GT: What are the next steps to the eventual launch and when are you planning to launch the app?
Klein: I think early next year you’ll see what we’re calling more of a full Bridj service. It’s going to look and feel more like the Bridj we envision and talk about with an enhanced user interface, even nicer buses, experienced drivers and another layer of back-end complexity that’s powering the system.
GT: What’s the competitive advantage against Uber and Lyft and their own multi-passenger and carpooling type-services?
Klein: Well look, I love the stuff Uber and Lyft are doing with their carpooling stuff. I think it’s great. But fundamentally in a car you can only get two people for the most part. Maybe you could try to squeeze three. But we’re talking about getting about seven to 15 people in a vehicle and a different format of vehicle. So we don’t really see ourselves as competing with Uber or Lyft. They provide a great way to get around sometimes, but our transportation landscape is getting more and more complex and we see this big gap. We think there is definitely an opportunity for a larger-format vehicle that’s smaller than a traditional bus that demand aggregates service at a very competitive price.
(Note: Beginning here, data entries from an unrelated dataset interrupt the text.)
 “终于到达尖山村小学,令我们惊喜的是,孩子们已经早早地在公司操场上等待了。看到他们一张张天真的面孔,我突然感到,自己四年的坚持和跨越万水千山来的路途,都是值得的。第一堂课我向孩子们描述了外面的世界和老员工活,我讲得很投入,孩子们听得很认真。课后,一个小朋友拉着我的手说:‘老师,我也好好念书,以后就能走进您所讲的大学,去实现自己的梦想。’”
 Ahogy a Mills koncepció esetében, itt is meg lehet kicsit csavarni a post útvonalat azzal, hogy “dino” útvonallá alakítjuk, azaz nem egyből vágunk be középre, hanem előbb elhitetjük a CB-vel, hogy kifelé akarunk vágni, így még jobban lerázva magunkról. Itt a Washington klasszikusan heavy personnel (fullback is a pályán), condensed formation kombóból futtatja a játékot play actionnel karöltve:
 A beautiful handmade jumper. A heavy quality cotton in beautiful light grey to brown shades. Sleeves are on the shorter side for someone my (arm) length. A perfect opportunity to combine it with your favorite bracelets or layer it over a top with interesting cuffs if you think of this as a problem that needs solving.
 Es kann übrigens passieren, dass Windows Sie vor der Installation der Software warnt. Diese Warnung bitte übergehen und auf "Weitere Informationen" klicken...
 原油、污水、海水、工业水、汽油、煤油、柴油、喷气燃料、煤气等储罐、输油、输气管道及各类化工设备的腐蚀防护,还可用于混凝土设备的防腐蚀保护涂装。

GT: How do you plan to work with municipalities and other government entities as you launch the app and Bridj progresses as a company?
Klein: I think I have relatively good reputation for being honest and trying to help cities. So I think some of our tactics are going to be very different from some of the for-profit entities in terms of approaching cities to partner versus taking on a more aggressive stance or tactic. I will say the ride sharing companies out there have changed government’s attitude toward it, which has been a real benefit to other companies. There has also been a downside. Sometimes tactics have been so aggressive, for example there is a lot of stuff circulating in the media about Uber and their tactics that also makes government skeptical. However, I think overall government remains open minded. We certainly were in Chicago and D.C. to allow new transportation options and ideas to flourish and not to stomp them out. I just think there are a lot of creative people in cities and they want to think of new ways of doing things and government is becoming more and more receptive. It’s becoming the new normal.
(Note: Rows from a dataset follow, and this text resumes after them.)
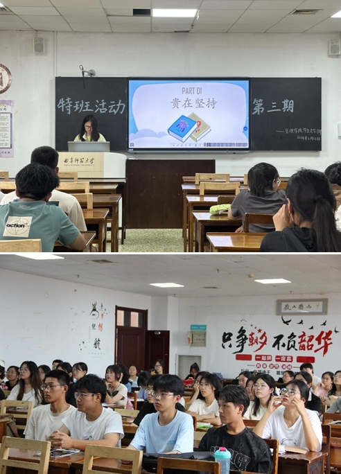 在本次活动中,高志远就公共课学习、专业课学习以及创新创业竞赛三大领域,详细地分享了他的学习策略与方法;王思淼则侧重于持续性学习、情绪调控以及身体健康等方面,深入讲解了她的经验体会;杜冰清和汪琳璐从日常学习安排、期末复习策略以及心理调适技巧等角度,为大家提供了宝贵的经验分享,并激励同学们要勇于面对挑战,共同成长进步;赵其斌分享了他独特的学习方法和技巧。整个交流过程中,同学们展现出极高的学习热情和互动积极性,相互学习借鉴,为同学们的学习方法与技巧掌握提供了借鉴。
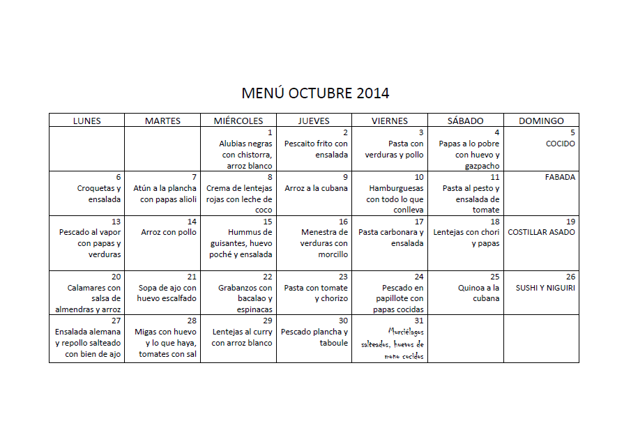 Como estoy un poquito overwhelmed (o sea, liada-requeteliada) hace mucho que no pongo una receta de verdad. Espero que eso cambie este mes. Os dejo el MENÚ OCTUBRE 2014 (Pdf para descargar). Como veréis he puesto más legumbres y muy poca carne. En esta casa estamos tirando al vegetarianismo activo pero bueno, sin pasarse, un domingo hay costillas asadas… Ya sabéis que sólo es indicativo y que os lo podéis saltar cuando más os convenga. Si tuvieras cualquier duda no tienes más que preguntarme.
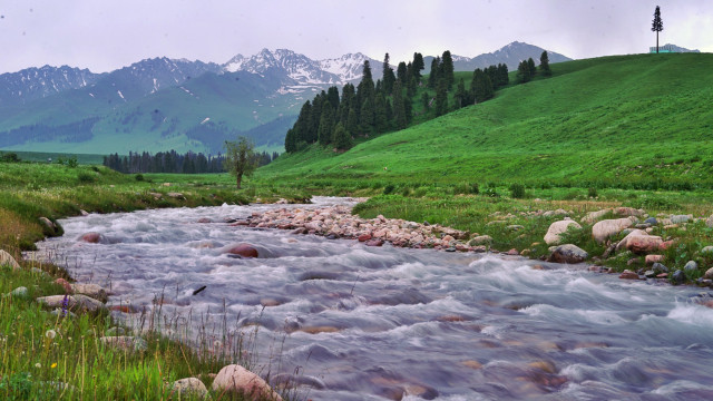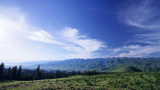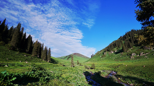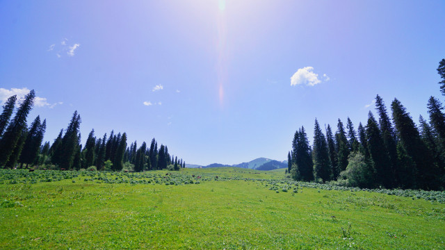 那拉提草原名列世界四大河谷草原之一,地势由东南向西北倾斜。原野上山泉密布,溪流似网,河道交错,森林繁茂,被人们誉为“空中草原”。
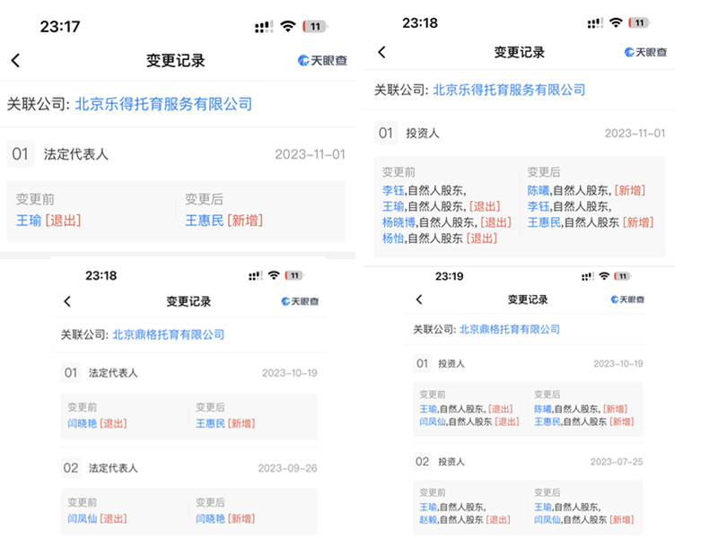 同时,通过“天眼查”APP获悉,此次出现关门停课问题的乐融儿童之家西红门校区,其经营主体北京鼎格托育有限公司与乐融儿童之家上地校区的经营主体北京乐得托育服务有限公司都分别在2023年10月、11月左右刚刚进行了人员变更。据校区相关人员透露,乐融加盟校区变更法人是需要征得乐融儿童之家总部北京乐融教育咨询有限公司的书面同意。而西红门校区在人员变更仅2个月后,就提出因实际控制人陈曦无法提供资金解决校区运营难题而关门停课,其上地校区也是类似原因关门。那么我们不禁要问,在进行人员变更前,乐融儿童之家总部是否同意,另外,有没有对“新变更的人员是否有持续经营校区的能力”进行评估?
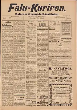 Falu-Kuriren was established by Waldemar Skarstedt in 1894.[1][2] The paper has its headquarters in Falun and its political stance is independent liberal (Swedish: oberoende liberal).[1] It is published in tabloid format.[3] In 2008, it was acquired by Mittmedia,[4] and is fully owned by the company.[5]
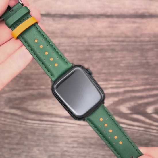 Le Mans: Green and Orange Leather Racing Apple Watch Strap
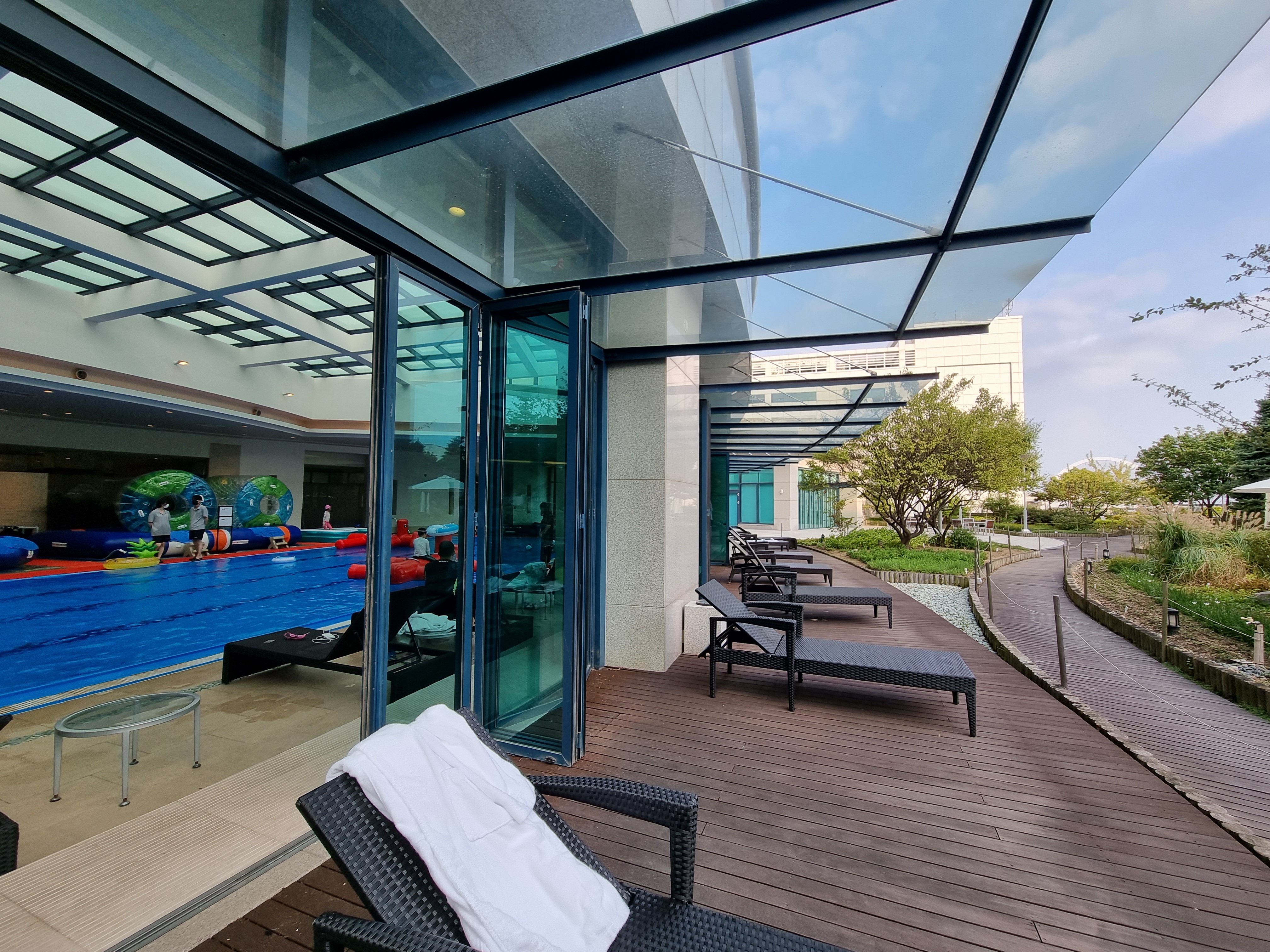 수영장이 실내지만 한쪽에 통 유리 문들이 있어 답답하지는 않았습니다.

GT: How will transportation evolve in the future? Will it become more privatized or less?
Klein: That’s a great question. And I think what people don’t know is what’s powering our existing system. The reality is, it’s always been private…I think with public transit there is always this misconception that exists. For example, many believe the DC Circulator bus [system] here in D.C. is a publicly run bus service. And it is, in that the department oversees it, but it’s run by a private company called First Transit from the U.K. — who does a very good job by the way. But the fact is, for the majority of transit out there, if it’s not run by the city – for example with some of the older and bigger cities like New York and Chicago — in most of the country the transit is run by private companies. It’s run by Veolia, it’s run by Keolis, it’s run by First Transit and there a number of multi-billion dollar companies. So the reality is that most of the “public” transit people ride on is already privately operated.